Miglio può essere considerato il padre politico della Lega, padre che poi ripudiò il partito generato considerandolo rammollito e preferendogli un più estremo “Partito Federalista”. A Miglio l’Italia unita pareva una follia ingovernabile, al punto da arrivare ad auspicare per il Sud un governo considerato rispettabile (la mafia depurata in “clientelismo buono”) infilandolo in una ipotetica costituzione ad hoc: “Il Sud deve darsi uno statuto poggiante sulla personalità del comando. Che cos’è la mafia? Potere personale, spinto fino al delitto. Io non voglio ridurre il Meridione al modello europeo, sarebbe un’assurdità. C’è anche un clientelismo buono che determina crescita economica. Insomma, bisogna partire dal concetto che alcune manifestazioni tipiche del Sud hanno bisogno di essere costituzionalizzate”.

Insomma: a Miglio la Lega senza “Nord” avrebbe fatto venire l’orticaria. Figurarsi la Lega delle Leghe, lui che vedeva gli Stati moderni soppiantati da comunità neofederali. Ecco perché di “evoluzione” non c’è nulla nella visione politica di Salvini, che parla degli insulti ai meridionali come se appartenessero al passato di un adolescente: dividi et impera è e resterà sempre il marchio del suo operare, e il pensiero fondante di Miglio in fondo scorre nelle sue vene, al di là della Sicilia e dell’Africa. È una lucida incoerenza la sua, ed è solo e soltanto sua.

Il segretario leghista a Pontida ha tirato fuori il vecchio politologo quasi fosse una figura eterea, annacquandola nel mito del giuramento contro il Sacro Romano Impero del Barbarossa ed esponendola al pubblico applauso.
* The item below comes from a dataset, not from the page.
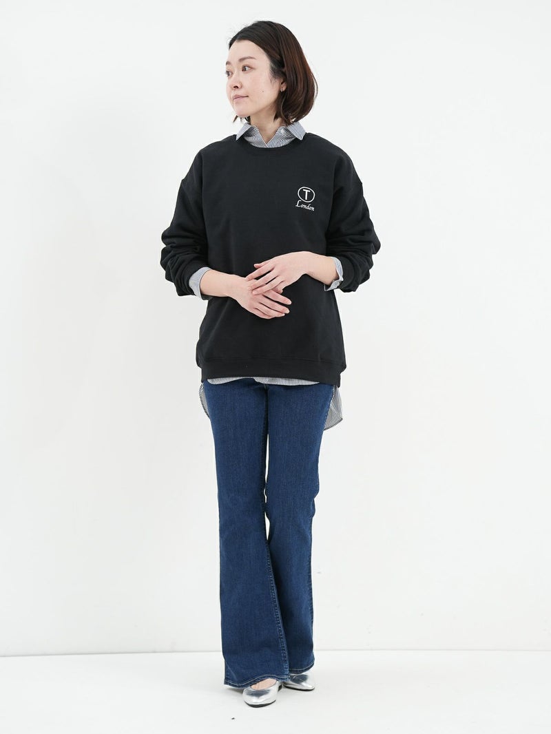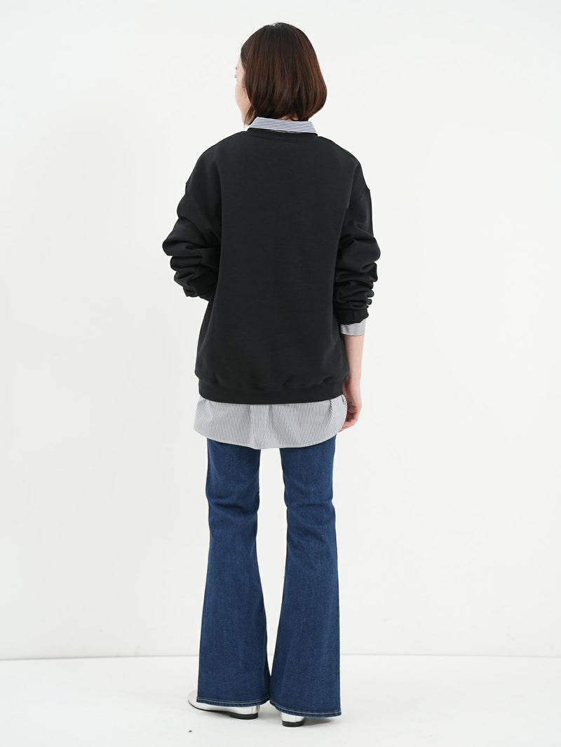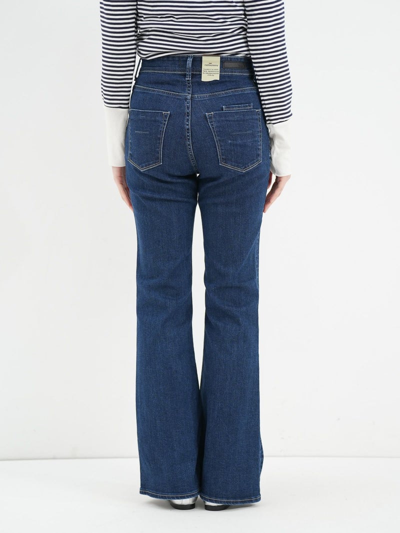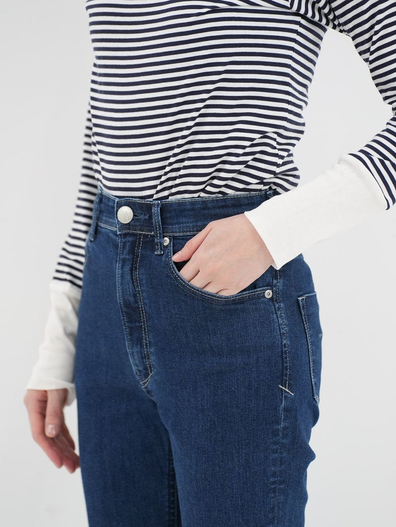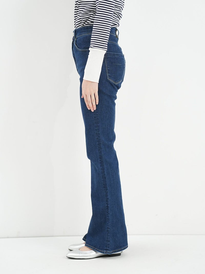 脚のラインをきれいに見せくれるブーツカットシルエットのデニム。 膝位置が高めなので、裾に向かってなだらかに広がるフレアラインが自然なスタイルアップを演出してくれます。ハイウエスト仕様で、トップスをインした着こなしもすっきり決まるのも◎
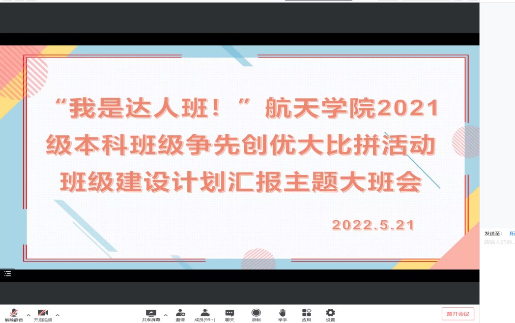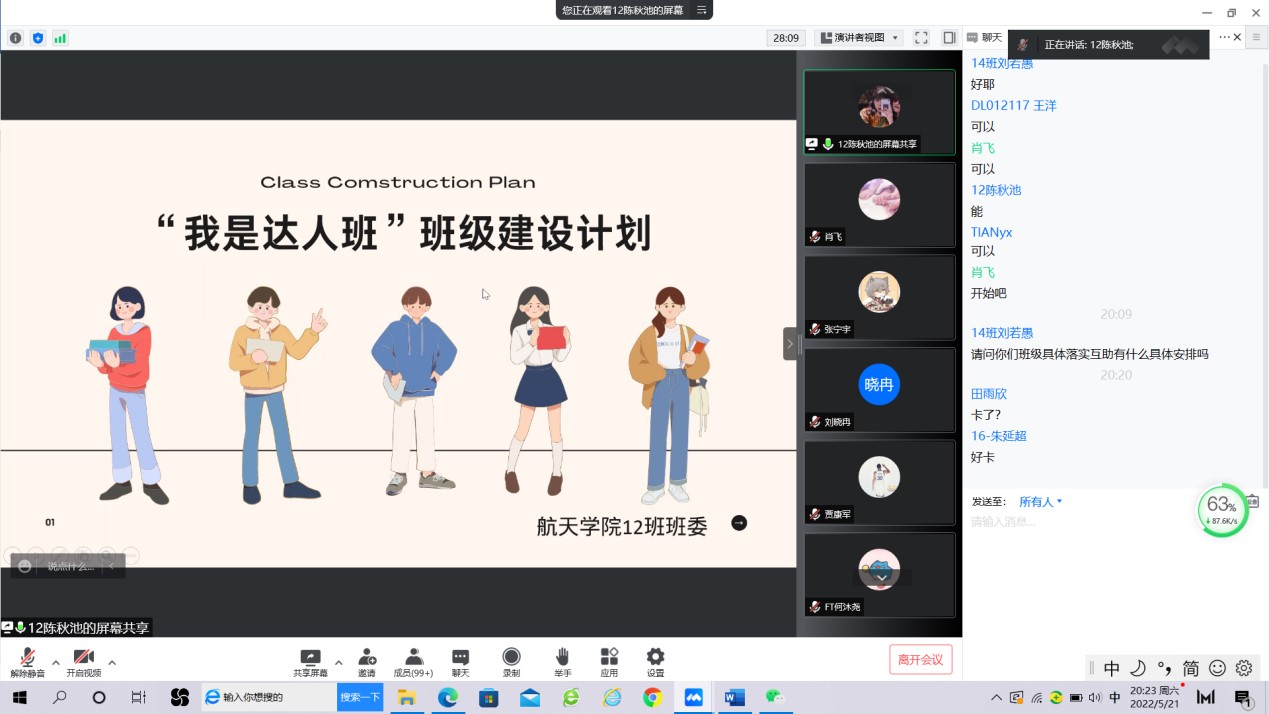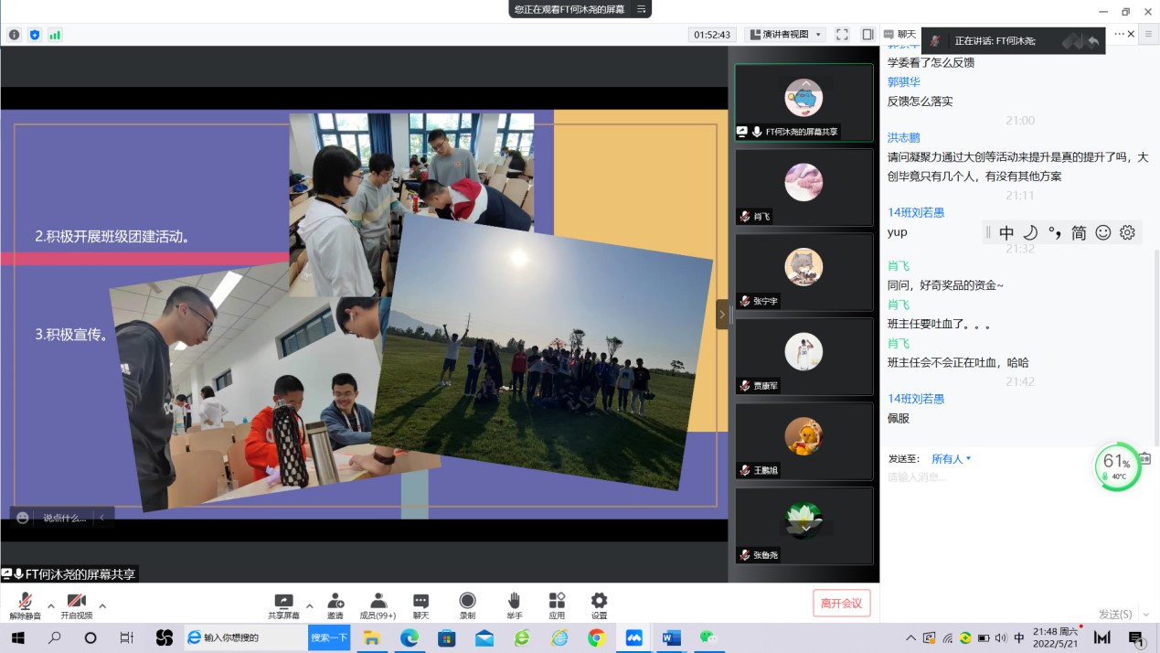 在线召开了本科2021级主题大班会,开展“我是达人班”班级争先创优大比拼活动,参会成员有台湾三级

E tutti lì a osannarlo i suoi, con una visibile parte di elettori provenienti del centro-sud (qualcuno con tanto di stand sul suolo pontidese), gli stessi elettori che all’etereo Miglio avrebbero fatto venire in mente quell’assurdo “clientelismo buono”. La Lega veleggia, oggi, verso percentuali sempre più alte di voti, guardando all’Europa e usando un efficace “mammaliturchi” come concime per le urne, e c’è da chiederci se ce la meritiamo, noi tutti, mentre Salvini sciorina verità tutte sue che non appartengono alla storia.

Perché è abbastanza evidente che l’apertura al Sud ha lo stesso scopo della chiusura dei porti: cambiando l’ordine dei respinti, il risultato non cambia. Prima a puzzare erano i napoletani, oggi i napoletani vanno a Pontida. Come i catanesi, i foggiani. E la puzza viene dall’Africa. È una sistematica cancellazione e rivisitazione della memoria, con la promessa di un trattamento privilegiato rispetto a chi pretenderebbe di invaderci o di fregarci con oscure manovre bancarie orchestrate da gruppi segreti e potentissimi.

Il ministro dell’Interno, forte di una base di fatto appiattita su posizioni rigide e su una pesante assenza di autocritica, auspica un trentennio di vittorie leghiste, dipingendo un futuro europeo per i suoi. Ma se c’è una cosa che la storia non smette di insegnare è il valore della memoria, che fagocita anche i più grandi movimenti. Perché il tempo è galantuomo, e non ha coordinate spaziali sulle quali costruire castelli di carte.